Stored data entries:
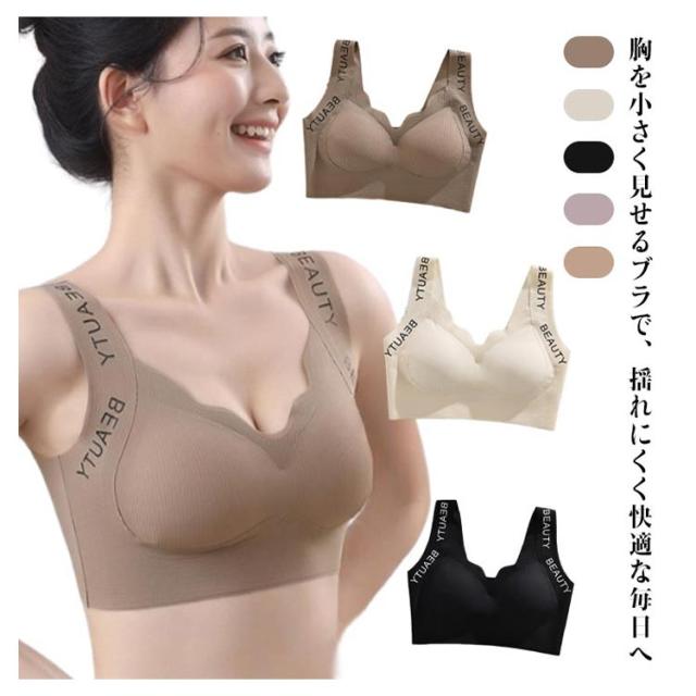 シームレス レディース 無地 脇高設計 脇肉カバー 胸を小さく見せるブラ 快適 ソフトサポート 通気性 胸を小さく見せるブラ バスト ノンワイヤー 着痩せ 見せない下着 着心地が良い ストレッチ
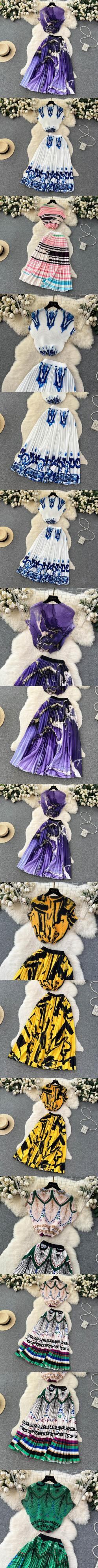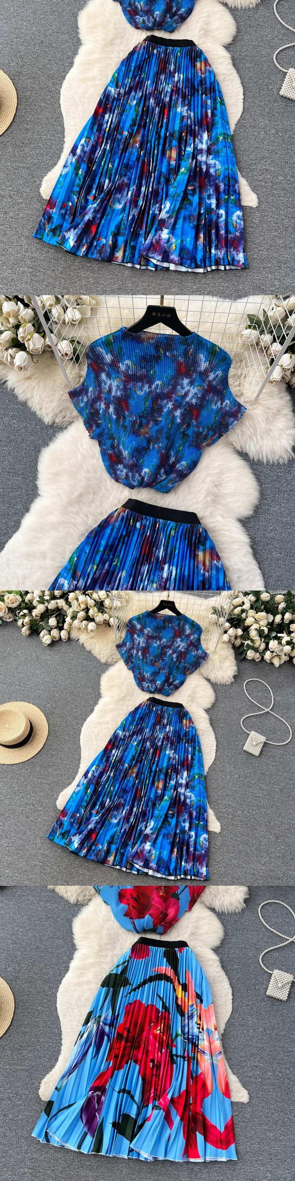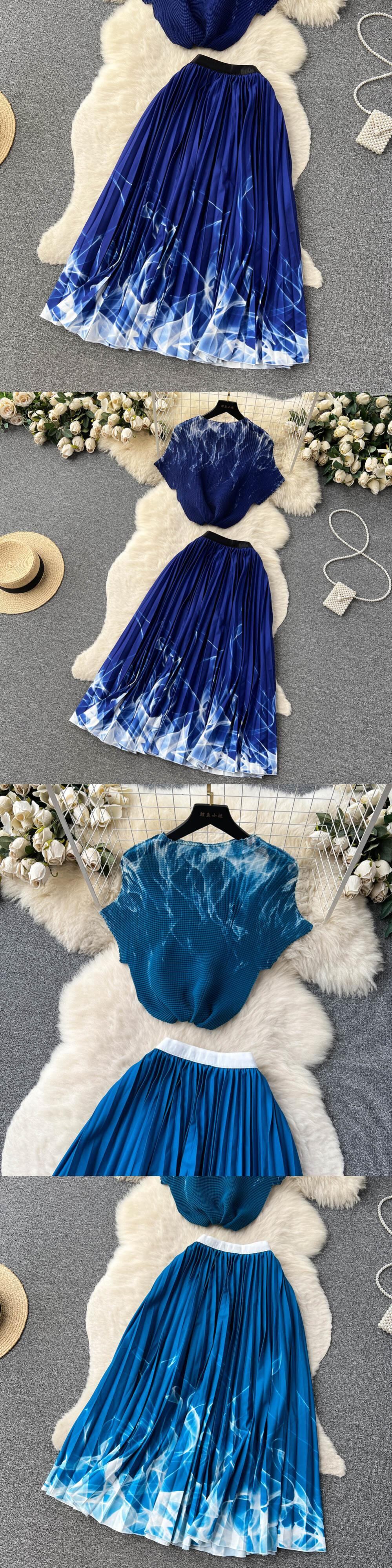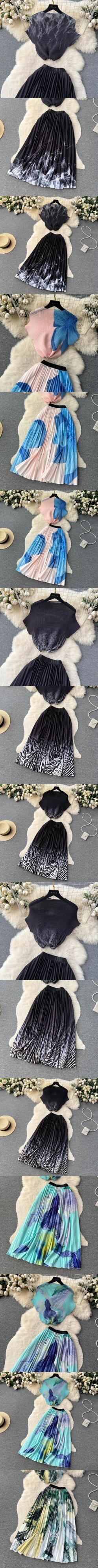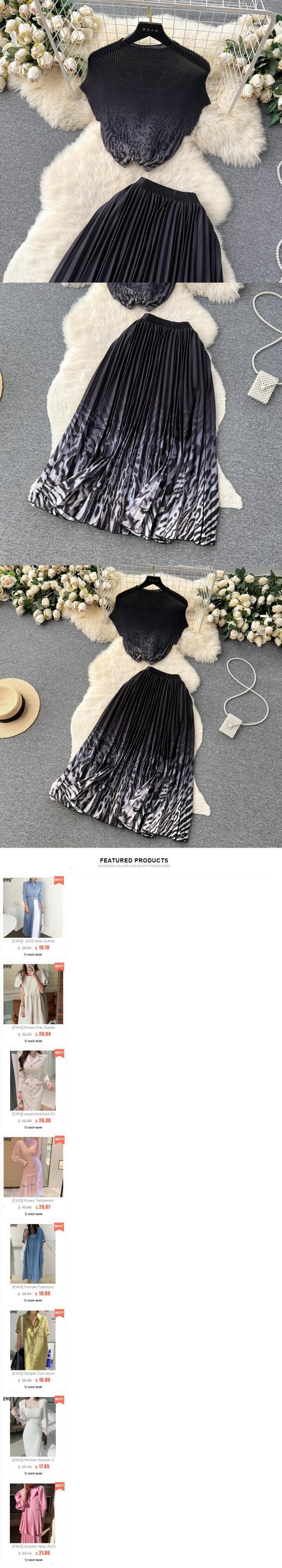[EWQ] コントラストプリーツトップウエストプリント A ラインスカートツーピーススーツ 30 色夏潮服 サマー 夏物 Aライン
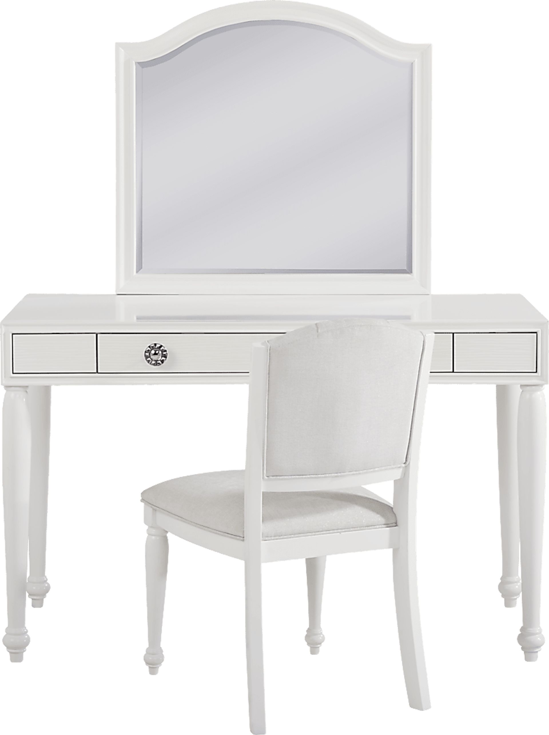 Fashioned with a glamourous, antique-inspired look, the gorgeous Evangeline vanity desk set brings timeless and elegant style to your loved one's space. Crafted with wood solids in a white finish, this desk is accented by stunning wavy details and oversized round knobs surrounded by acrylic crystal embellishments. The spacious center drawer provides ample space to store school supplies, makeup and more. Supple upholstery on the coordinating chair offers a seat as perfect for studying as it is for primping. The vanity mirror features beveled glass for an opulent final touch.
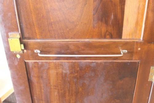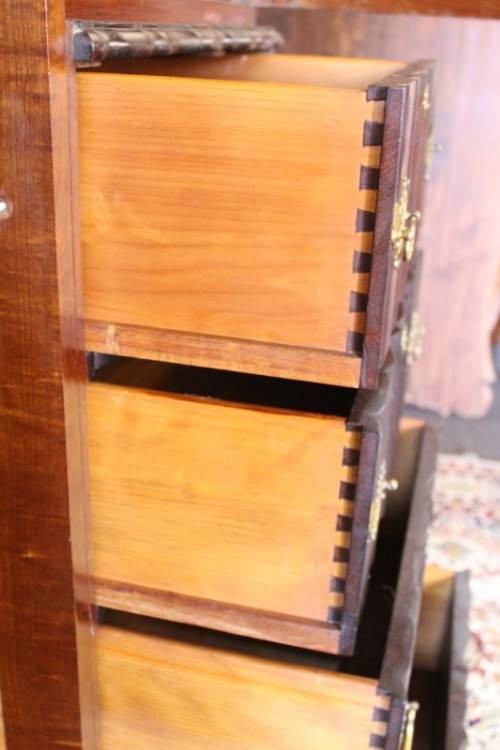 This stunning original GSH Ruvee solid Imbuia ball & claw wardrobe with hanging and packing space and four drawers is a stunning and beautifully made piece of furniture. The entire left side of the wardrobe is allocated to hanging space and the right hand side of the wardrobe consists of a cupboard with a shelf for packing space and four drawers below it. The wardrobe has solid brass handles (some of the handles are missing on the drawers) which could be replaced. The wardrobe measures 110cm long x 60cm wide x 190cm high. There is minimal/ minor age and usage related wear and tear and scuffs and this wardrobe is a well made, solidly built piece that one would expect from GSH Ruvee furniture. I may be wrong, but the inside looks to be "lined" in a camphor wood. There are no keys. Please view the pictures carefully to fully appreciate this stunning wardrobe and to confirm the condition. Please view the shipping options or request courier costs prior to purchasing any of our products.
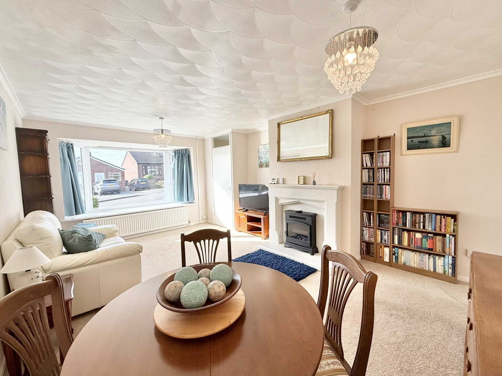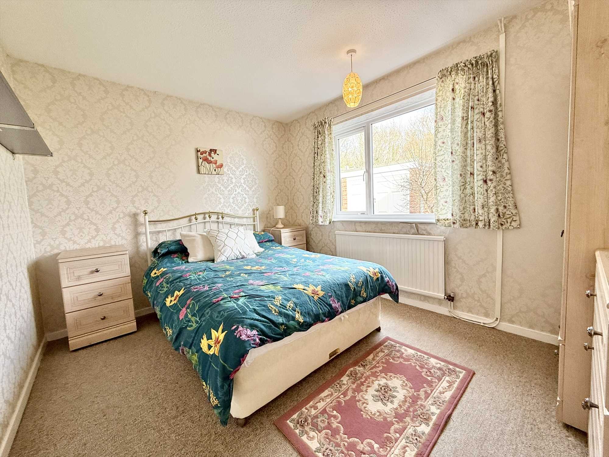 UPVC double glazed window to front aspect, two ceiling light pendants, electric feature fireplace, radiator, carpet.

Exercise prompt. Your answer must be exactly the lines from the one with "This stunning original" through the last line of the entries, both included, with no pictures; please add nothing else.

Solution to this problem.
 This stunning original GSH Ruvee solid Imbuia ball & claw wardrobe with hanging and packing space and four drawers is a stunning and beautifully made piece of furniture. The entire left side of the wardrobe is allocated to hanging space and the right hand side of the wardrobe consists of a cupboard with a shelf for packing space and four drawers below it. The wardrobe has solid brass handles (some of the handles are missing on the drawers) which could be replaced. The wardrobe measures 110cm long x 60cm wide x 190cm high. There is minimal/ minor age and usage related wear and tear and scuffs and this wardrobe is a well made, solidly built piece that one would expect from GSH Ruvee furniture. I may be wrong, but the inside looks to be "lined" in a camphor wood. There are no keys. Please view the pictures carefully to fully appreciate this stunning wardrobe and to confirm the condition. Please view the shipping options or request courier costs prior to purchasing any of our products.
 UPVC double glazed window to front aspect, two ceiling light pendants, electric feature fireplace, radiator, carpet.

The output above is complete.